[Recorded data]
= Beginning of Section =
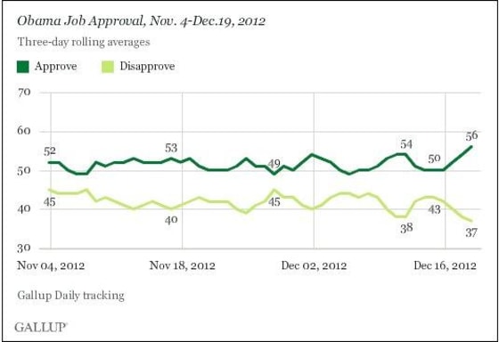 The latest Gallup poll released yesterday was no doubt welcome news at the White House: "President Barack Obama's job approval rating has risen to 56%, by two percentage points his highest three-day reading since October 2009."
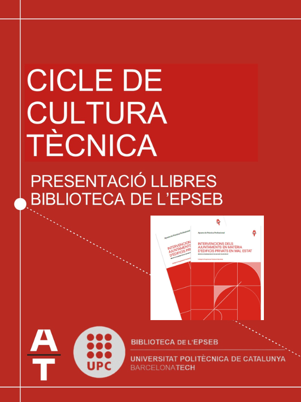 El 29 de setembre de 2025, a les 16:30 h, la Biblioteca de l’EPSEB (Gregorio Marañón 50, Barcelona) acollirà la presentació del manual Intervencions dels ajuntaments en matèria d’edificis privats en mal estat, una nova Apunt de pràctica professional impulsada pel Cateb.
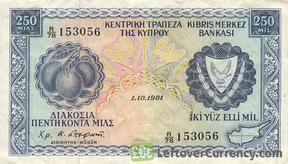 The Central Bank of Cyprus issued Cypriot Pound banknotes in 7 different denominations, including this 250 Mil banknote Cyprus. They are part of the Cypriot Pound banknotes series. The Central Bank of Cyprus started issuing these 0.25 Cypriot Pound banknotes in 1964. They were withdrawn from circulation in 1982.
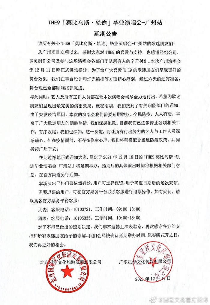 作为限定团,人气少女组合THE9本应在2021年的年底风风光光地开一场毕业演唱会,即组合解散演唱会,然后各自发展。然而因为疫情,THE9的这场演唱会被临时叫停,随之而来的问题浮现——退票如何处理。
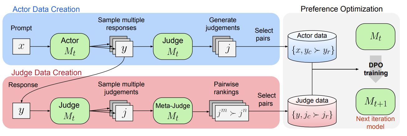 - Self-improvement process, where the model judges its own judgements and uses that feedback to refine its judgment skills.
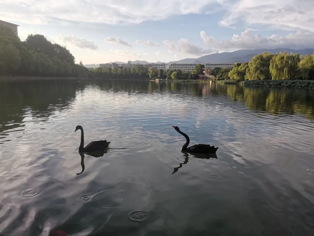 初阳湖里优雅的天鹅是不是也和我们一样惊叹于这美丽的日落呢
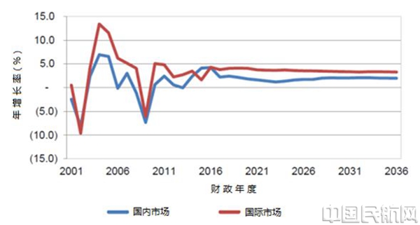 相比于成熟的美国国内市场,对美国的航空公司来说,国际市场仍处于增长阶段,特别是自2004财年以来。2015年是这种趋势的一个例外,预计2016年航空公司还是会继续把重点放在国内市场。2017年开始,国际市场(包括干线和支线航空公司)的登机旅客数、RPM、ASM将重新开始超越国内市场,这3项的数值在2017-2036财年间平均年增长率将分别为3.6%、3.5%和3.5%。见图5、图6、图7、图8。
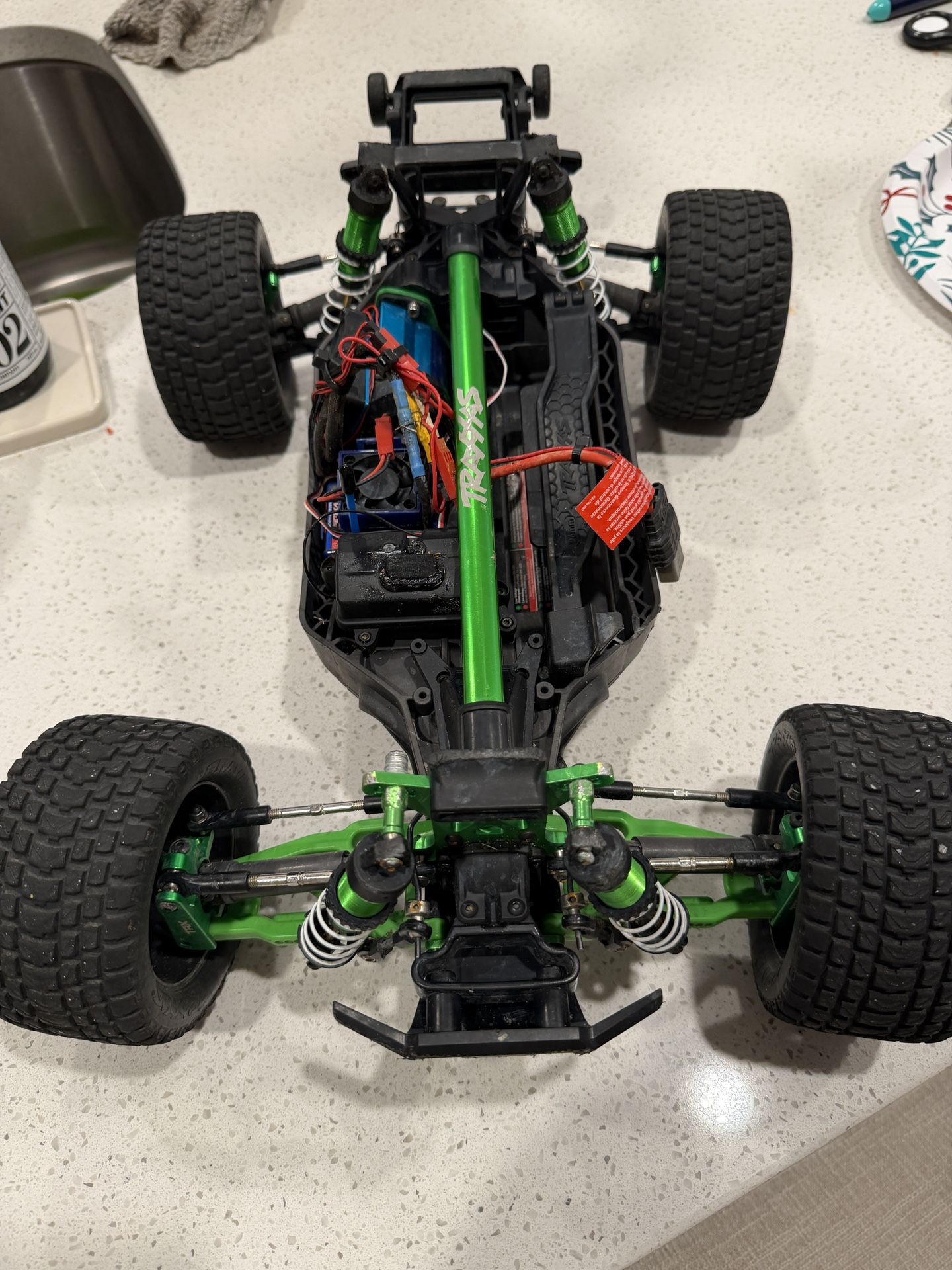 Includes a 7000mAh LiPo battery, charger, chasis cover, lights kit, and its controller, which can connect to a smartphone. Traxxas Rustler Ultimate 4x4 VXL for sale. Only 2 weeks of use and in perfect mechanical condition. Everything works exactly as it should. The body has some light scratches from normal use, nothing broken or cracked. Very fast, powerful, and fun RC car. Well maintained and ready to run.
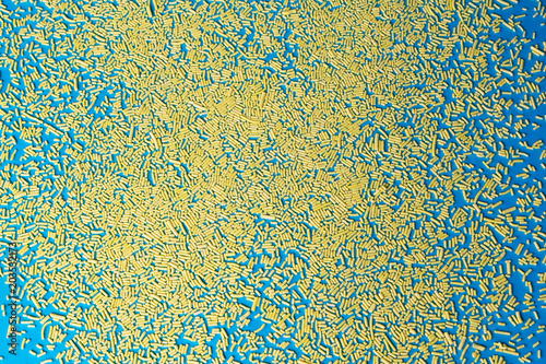 confectionery sprinkles yellow sugar grains on a blue background.
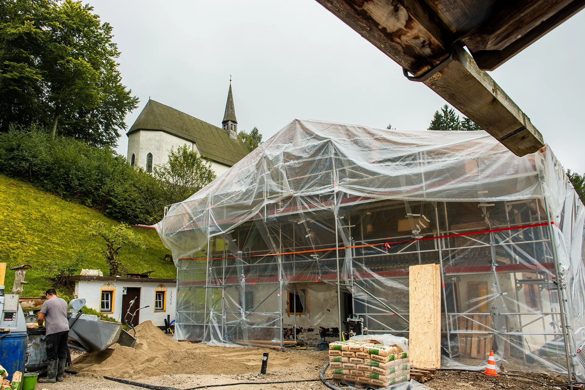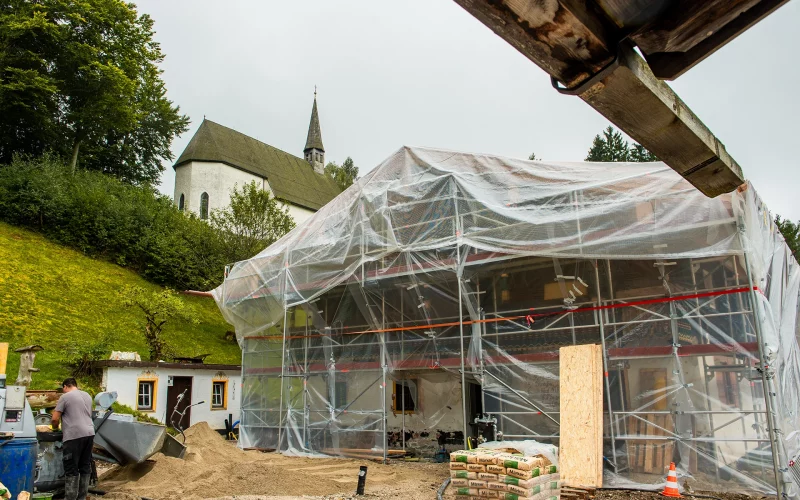 Mit dem Ziel, den einzigartigen Wert dieses historischen Ortes zu bewahren und diesen für die kommenden Generationen wieder erlebbar zu machen, startete die Stiftung Kulturerbe Bayern die Instandsetzung des Gebäudes. Den Berggasthof technisch und energetisch auf den neuesten Stand zu bringen und zugleich behutsam in seiner historischen Substanz zu erhalten, waren die Herausforderungen bei diesem Projekt. Den barocken Originalanstrich der Fassade konnten die Handwerkerinnen sowie Handwerker wieder freilegen – und dieser bestimmt nun die Neufassung: „Sofern das Wetter mitspielt und wir keinen allzu schneereichen Winter bekommen, sollte es mit der Neueröffnung im Frühjahr 2026 klappen“, freut sich Ursula Scriba, Vorsitzende des Vorstands der Stiftung Kulturerbe Bayern.
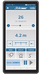 Med smartphone-appen StrikeSmart™ kan du anpassa spridningen enligt situation. Automatisk GPS-hastighetskontroll justerar spridningsmängden (g/m²) utgående från bilens hastighet, medan du i manuellt läge anger en fast matarhastighet. Appen sparar viktig spridningsdata, vilket kan sändas till trackingsystemet HTrack™ där du kan generera spridningsrapporter. Med detta trådlösa styrsystem kan du enkelt slå på/av arbetsbelysning, tillvalsvibrator och andra funktioner via smartphonen utan att behöva stiga ut ur fordonet.
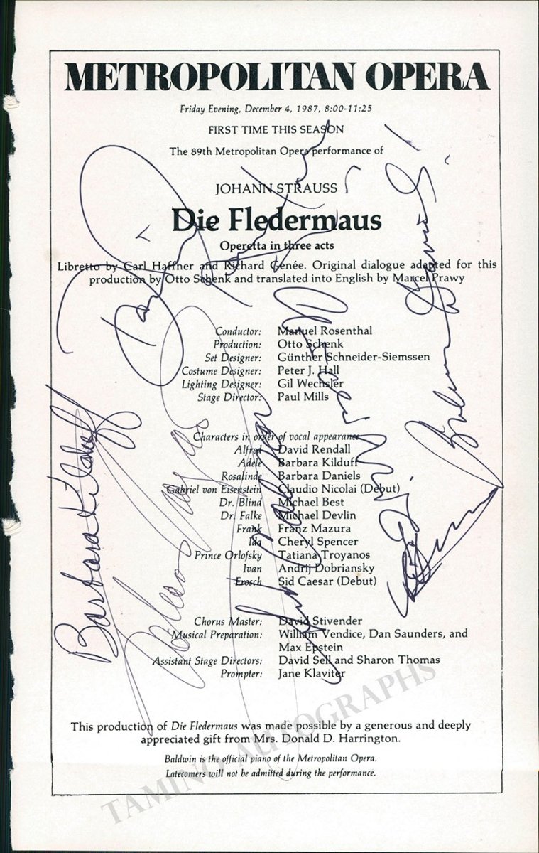 Cast page from a performance of Johann Strauss II's Die Fledermaus in 1987 signed by all the above mentioned singers plus Claudio Nicolai, Sid Caesar and Barbara Kilduff
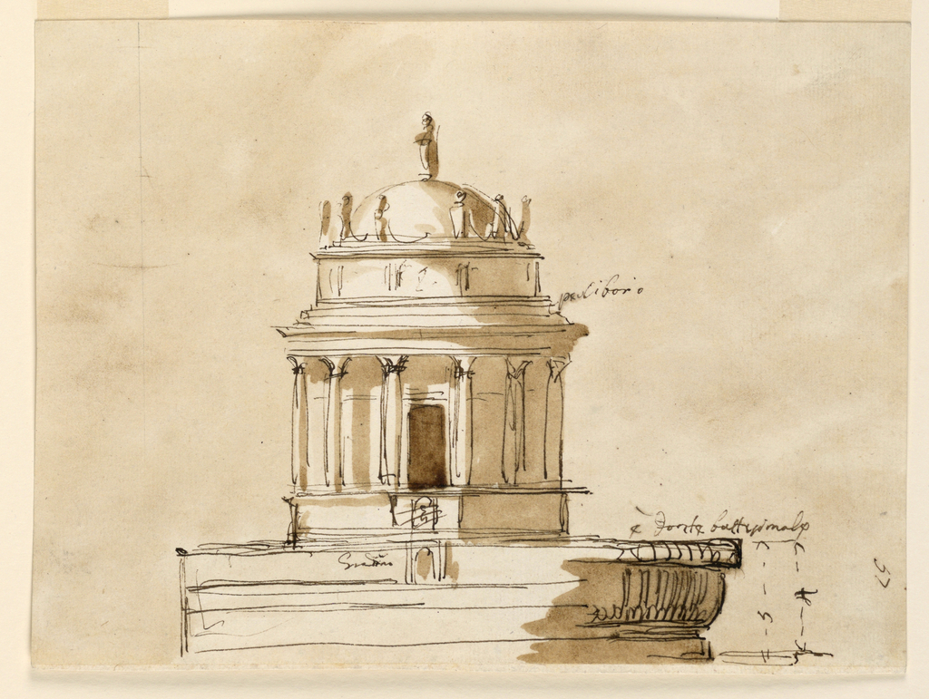 Drawing, Design for a Tabernacle and a Baptismal Font; Designed by Giuseppe Barberi (Italian, 1746–1809); Italy; pen and brown ink, brush and brown wash, graphite on lined off-white laid paper; 18.3 x 25 cm (7 3/16 x 9 13/16 in.); Museum purchase through gift of various donors and from Eleanor G. Hewitt Fund; 1938-88-1389
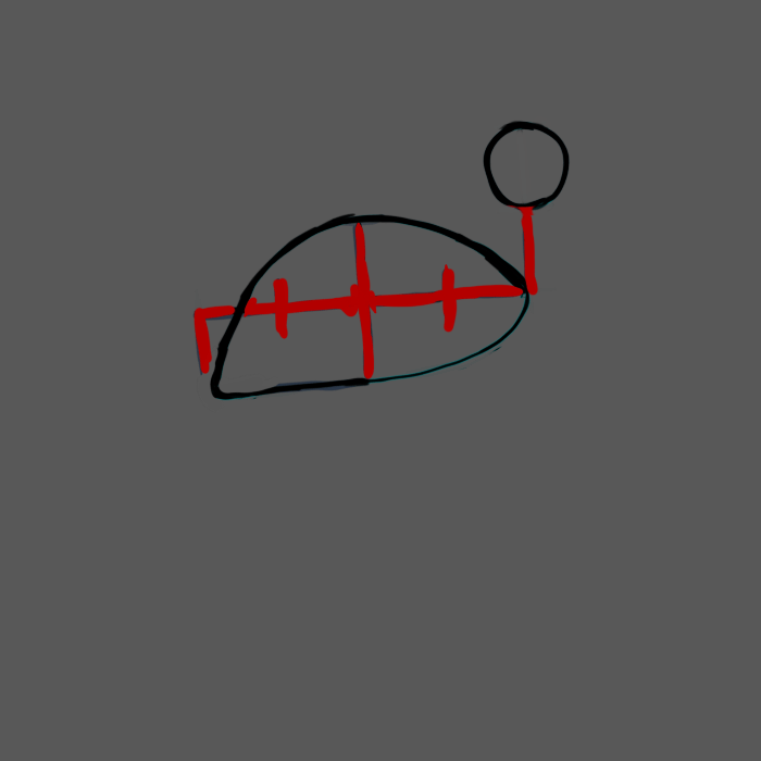 Draw a curve from the corner below the head, going through the top of the guiding cross, and ending at the lower left corner.
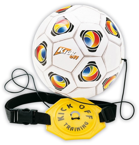 A Kick off labda leírása: Az övet fel ell csatolnunk, ezáltal ha belerugunk a labdába, a gumi visszarántja, s újra te jössz. Majdnem olyan, mintha valaki mindig visszarúgná a labdát neked. Ezért ne legyél rá mérges, mert ha erősebbet rugsz, a labda is sokkal gyorsabban repül vissza hozzád. Ideális gyakorolni egyedül .A Kick off labda 5 éves kortól ajánlott fiúknak
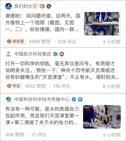 中国科协科学技术传播中心也进一步补充表示,“水的张力”知识点在过去的两节“天宫课堂”中都曾讲解实验过。
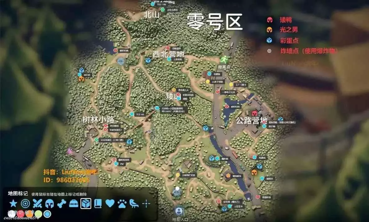 可以看到零號區的光之男刷新位置,一個在左上角,另一個在公路旁。
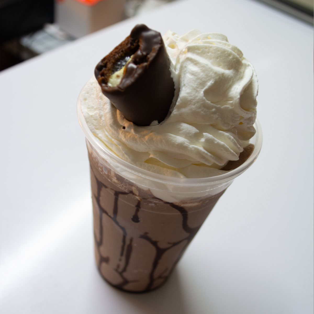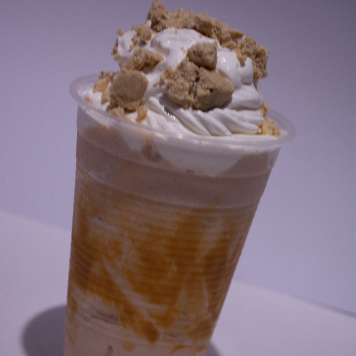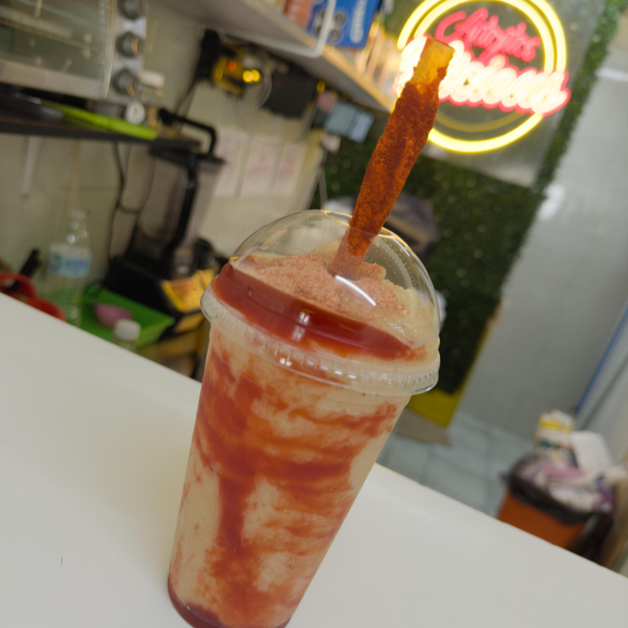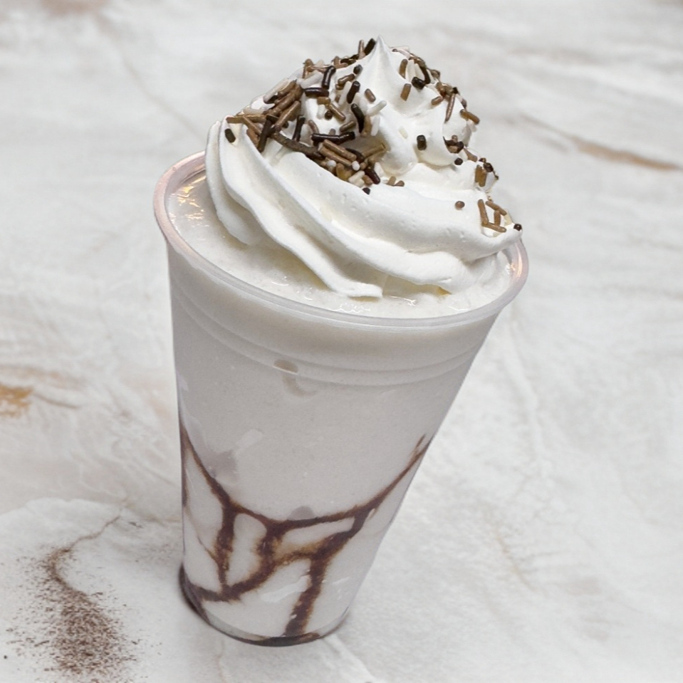 Delicioso frappe de sabor, cubierto de crema batida, servido en vaso de 16 onzas
= End of Section =
Please transcribe word for word the lines from the one bearing "A Kick off labda leírása: Az" through the last line of the records above, omitting the pictures.

_Completed task_
 A Kick off labda leírása: Az övet fel ell csatolnunk, ezáltal ha belerugunk a labdába, a gumi visszarántja, s újra te jössz. Majdnem olyan, mintha valaki mindig visszarúgná a labdát neked. Ezért ne legyél rá mérges, mert ha erősebbet rugsz, a labda is sokkal gyorsabban repül vissza hozzád. Ideális gyakorolni egyedül .A Kick off labda 5 éves kortól ajánlott fiúknak
 中国科协科学技术传播中心也进一步补充表示,“水的张力”知识点在过去的两节“天宫课堂”中都曾讲解实验过。
 可以看到零號區的光之男刷新位置,一個在左上角,另一個在公路旁。
 Delicioso frappe de sabor, cubierto de crema batida, servido en vaso de 16 onzas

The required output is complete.